The Liberal Party in crisis

29 May 2022
Tom Bramble

The Liberal Party, since its formation in 1946, has been the political mouthpiece of the Australian ruling class. The federal election destroyed much of its electoral heartland and puts the future of the party as a united entity in doubt. In city after city, seats that the Liberals (and their conservative antecedents) had held for decades fell to their opponents.

In Perth, the party lost five seats, four to Labor and one to an independent, and now holds just two out of the city’s eight seats, suffering two-party swings of 10-15 percentage points. In Brisbane, Labor and the Greens took two seats off it and in Adelaide Labor took one.
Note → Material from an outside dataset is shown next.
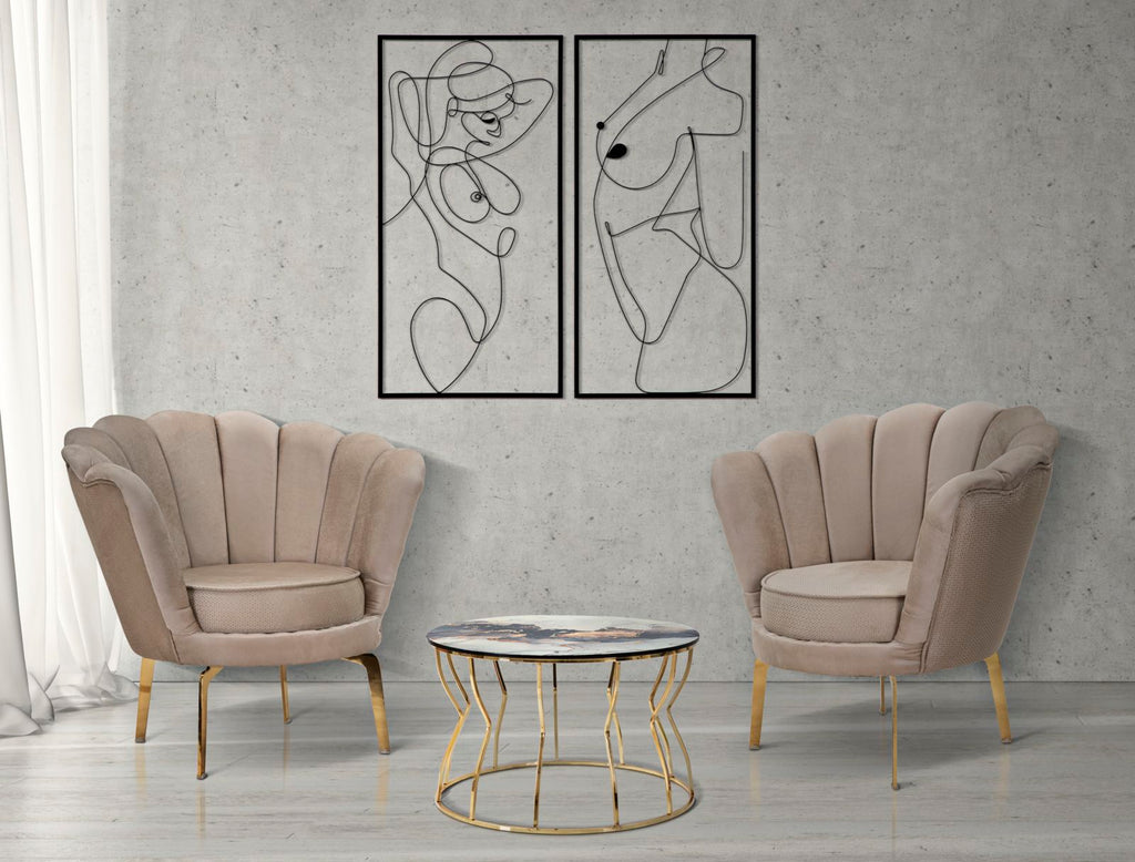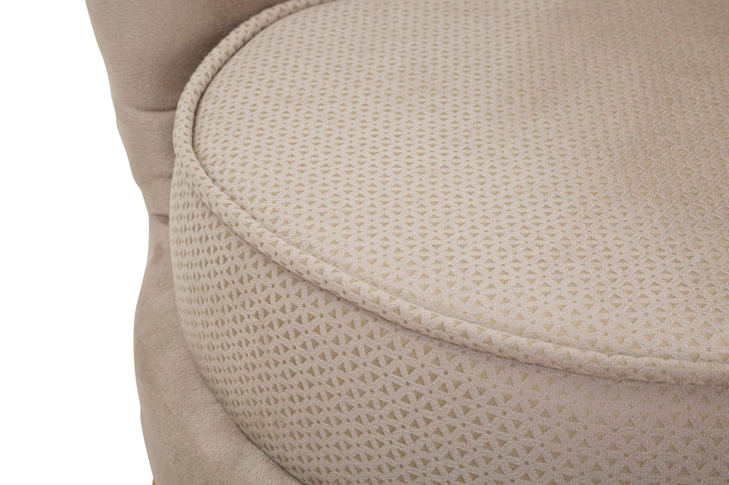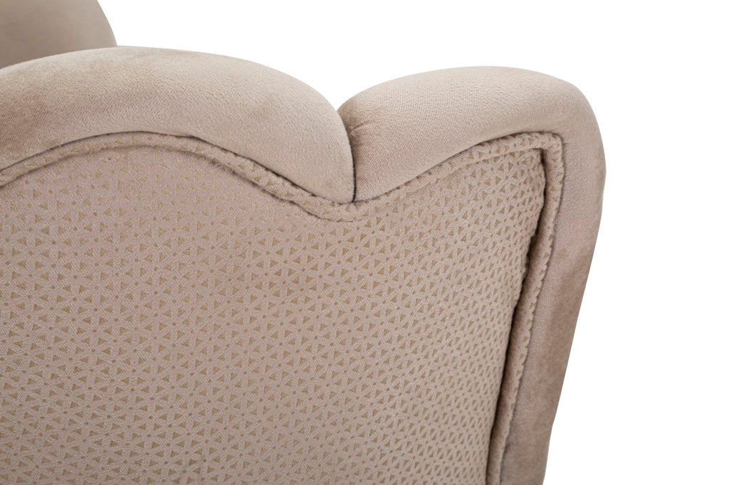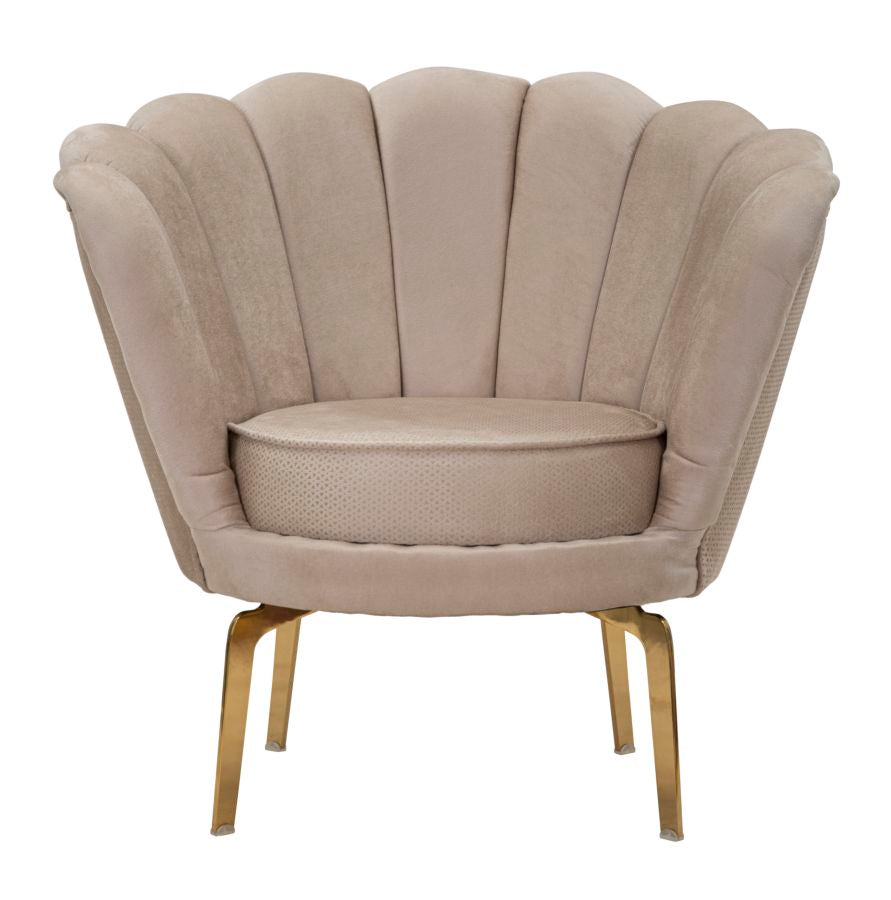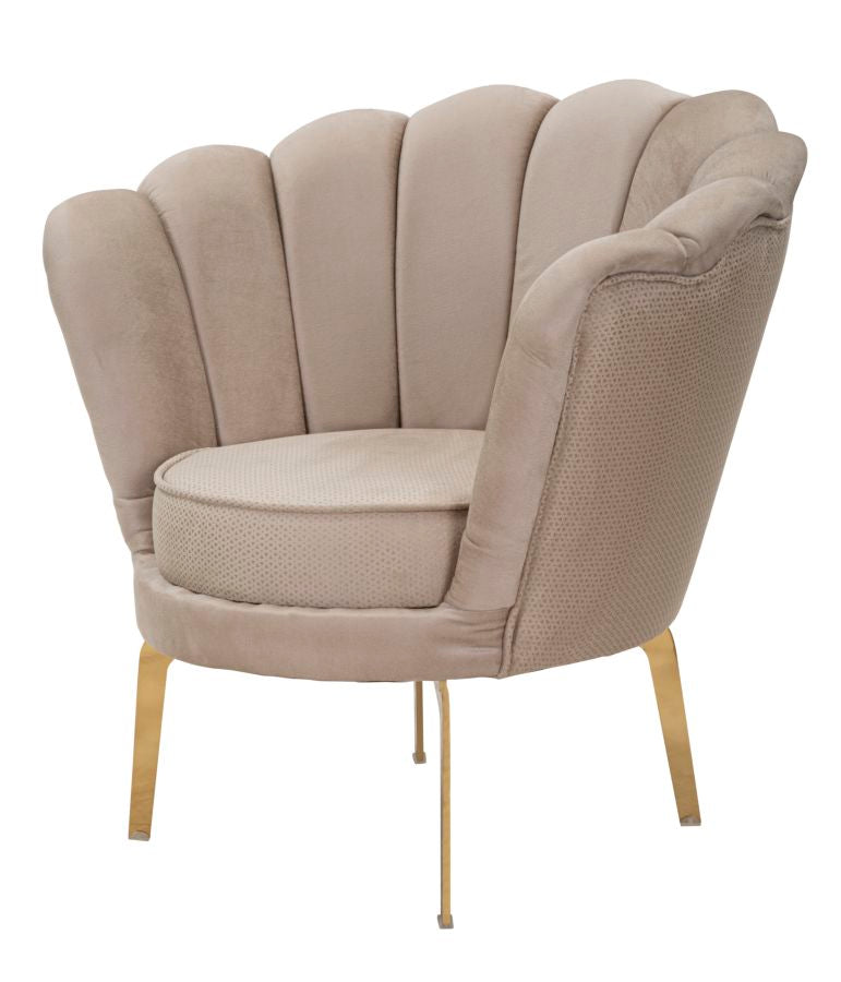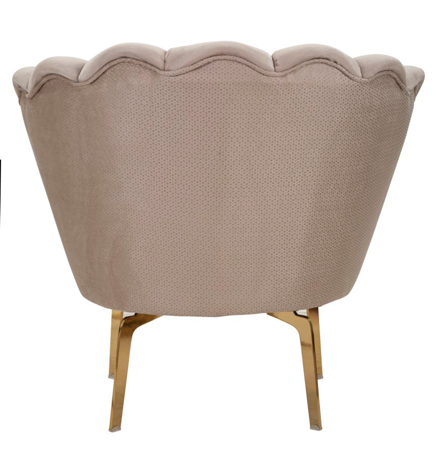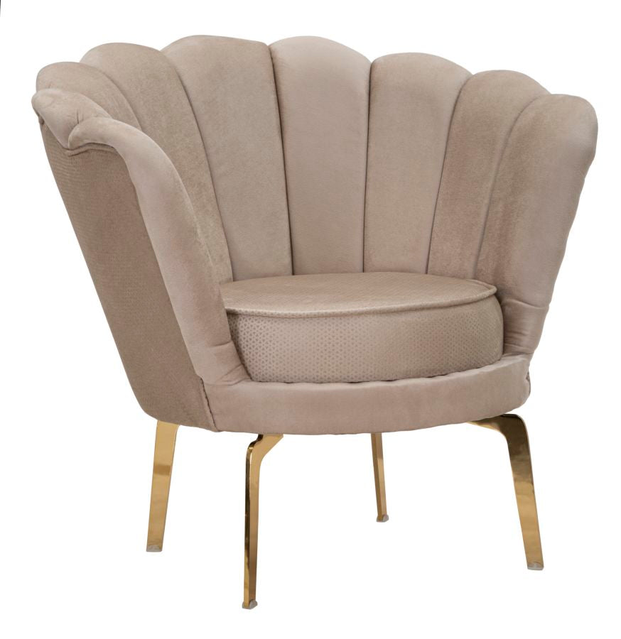 Eleganter Polstersessel aus Stoff. Die besondere Verarbeitung der Rückenlehne erinnert an die Blütenblätter einer Blume und die goldenen Metallbeine verleihen dem Ganzen einen Hauch von Eleganz.

The defeats in Sydney and Melbourne will likely prove the most difficult for the Liberals to recover from because it was here that the Liberal base most obviously split.

In Melbourne, the Liberals lost four seats, including Kooyong, the bluest seat of all, with a 10-point two-party swing against federal Treasurer Josh Frydenberg. Kooyong, since its formation in 1901, has known nothing but conservative representatives, including Liberal Party founder and long-time Prime Minister Robert Menzies and former Liberal leader Andrew Peacock.

Goldstein, covering Brighton and Sandringham in Melbourne’s inner south-east, held by Tim Wilson, was another Liberal loss on another two-party-preferred swing of 10 points. This has been Liberal territory since its formation in 1984. The result of these and other losses in Melbourne is that the Liberals have no MPs anywhere within 25 kilometres of the CBD.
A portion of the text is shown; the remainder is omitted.